**RECORDED DATA**
··········
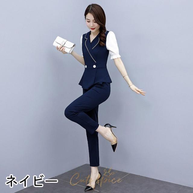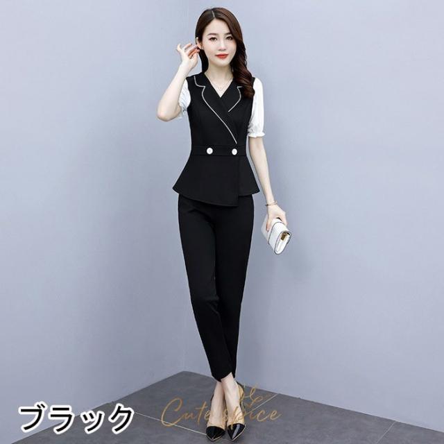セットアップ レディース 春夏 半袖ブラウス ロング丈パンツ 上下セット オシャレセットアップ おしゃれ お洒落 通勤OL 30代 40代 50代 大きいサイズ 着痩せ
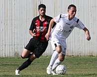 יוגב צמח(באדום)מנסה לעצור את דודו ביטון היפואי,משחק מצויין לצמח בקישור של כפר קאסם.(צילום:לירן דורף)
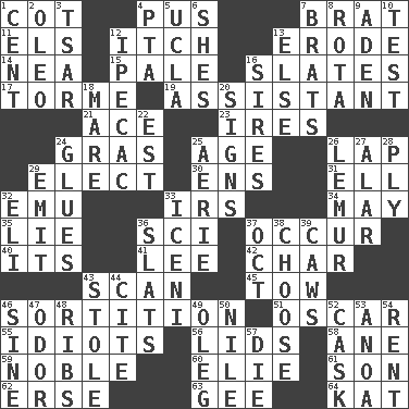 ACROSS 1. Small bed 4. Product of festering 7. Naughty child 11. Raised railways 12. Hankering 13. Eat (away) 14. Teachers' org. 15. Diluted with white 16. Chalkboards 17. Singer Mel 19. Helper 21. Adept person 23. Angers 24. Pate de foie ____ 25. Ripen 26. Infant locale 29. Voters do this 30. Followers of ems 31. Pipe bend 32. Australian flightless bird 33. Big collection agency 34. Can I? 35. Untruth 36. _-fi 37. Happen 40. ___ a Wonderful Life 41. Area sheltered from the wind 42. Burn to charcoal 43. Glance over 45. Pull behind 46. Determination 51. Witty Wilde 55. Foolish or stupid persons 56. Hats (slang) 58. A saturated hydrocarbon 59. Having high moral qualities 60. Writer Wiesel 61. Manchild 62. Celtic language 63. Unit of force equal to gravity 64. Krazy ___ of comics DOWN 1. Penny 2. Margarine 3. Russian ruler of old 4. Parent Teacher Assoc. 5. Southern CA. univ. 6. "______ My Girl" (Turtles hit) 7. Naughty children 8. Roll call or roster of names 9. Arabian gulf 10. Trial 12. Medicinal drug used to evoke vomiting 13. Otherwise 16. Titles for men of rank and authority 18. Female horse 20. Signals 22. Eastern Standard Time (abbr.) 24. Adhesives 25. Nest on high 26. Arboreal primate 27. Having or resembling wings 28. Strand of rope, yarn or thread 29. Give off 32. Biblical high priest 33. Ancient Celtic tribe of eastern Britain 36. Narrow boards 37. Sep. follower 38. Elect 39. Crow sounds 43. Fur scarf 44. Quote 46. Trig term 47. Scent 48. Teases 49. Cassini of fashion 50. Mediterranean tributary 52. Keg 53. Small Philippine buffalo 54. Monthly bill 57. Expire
··········
**REQUIREMENT**
Your copy of the data should match it exactly, apart from the images, which are omitted.

**REPLY TO THE TASK**
セットアップ レディース 春夏 半袖ブラウス ロング丈パンツ 上下セット オシャレセットアップ おしゃれ お洒落 通勤OL 30代 40代 50代 大きいサイズ 着痩せ
 יוגב צמח(באדום)מנסה לעצור את דודו ביטון היפואי,משחק מצויין לצמח בקישור של כפר קאסם.(צילום:לירן דורף)
 ACROSS 1. Small bed 4. Product of festering 7. Naughty child 11. Raised railways 12. Hankering 13. Eat (away) 14. Teachers' org. 15. Diluted with white 16. Chalkboards 17. Singer Mel 19. Helper 21. Adept person 23. Angers 24. Pate de foie ____ 25. Ripen 26. Infant locale 29. Voters do this 30. Followers of ems 31. Pipe bend 32. Australian flightless bird 33. Big collection agency 34. Can I? 35. Untruth 36. _-fi 37. Happen 40. ___ a Wonderful Life 41. Area sheltered from the wind 42. Burn to charcoal 43. Glance over 45. Pull behind 46. Determination 51. Witty Wilde 55. Foolish or stupid persons 56. Hats (slang) 58. A saturated hydrocarbon 59. Having high moral qualities 60. Writer Wiesel 61. Manchild 62. Celtic language 63. Unit of force equal to gravity 64. Krazy ___ of comics DOWN 1. Penny 2. Margarine 3. Russian ruler of old 4. Parent Teacher Assoc. 5. Southern CA. univ. 6. "______ My Girl" (Turtles hit) 7. Naughty children 8. Roll call or roster of names 9. Arabian gulf 10. Trial 12. Medicinal drug used to evoke vomiting 13. Otherwise 16. Titles for men of rank and authority 18. Female horse 20. Signals 22. Eastern Standard Time (abbr.) 24. Adhesives 25. Nest on high 26. Arboreal primate 27. Having or resembling wings 28. Strand of rope, yarn or thread 29. Give off 32. Biblical high priest 33. Ancient Celtic tribe of eastern Britain 36. Narrow boards 37. Sep. follower 38. Elect 39. Crow sounds 43. Fur scarf 44. Quote 46. Trig term 47. Scent 48. Teases 49. Cassini of fashion 50. Mediterranean tributary 52. Keg 53. Small Philippine buffalo 54. Monthly bill 57. Expire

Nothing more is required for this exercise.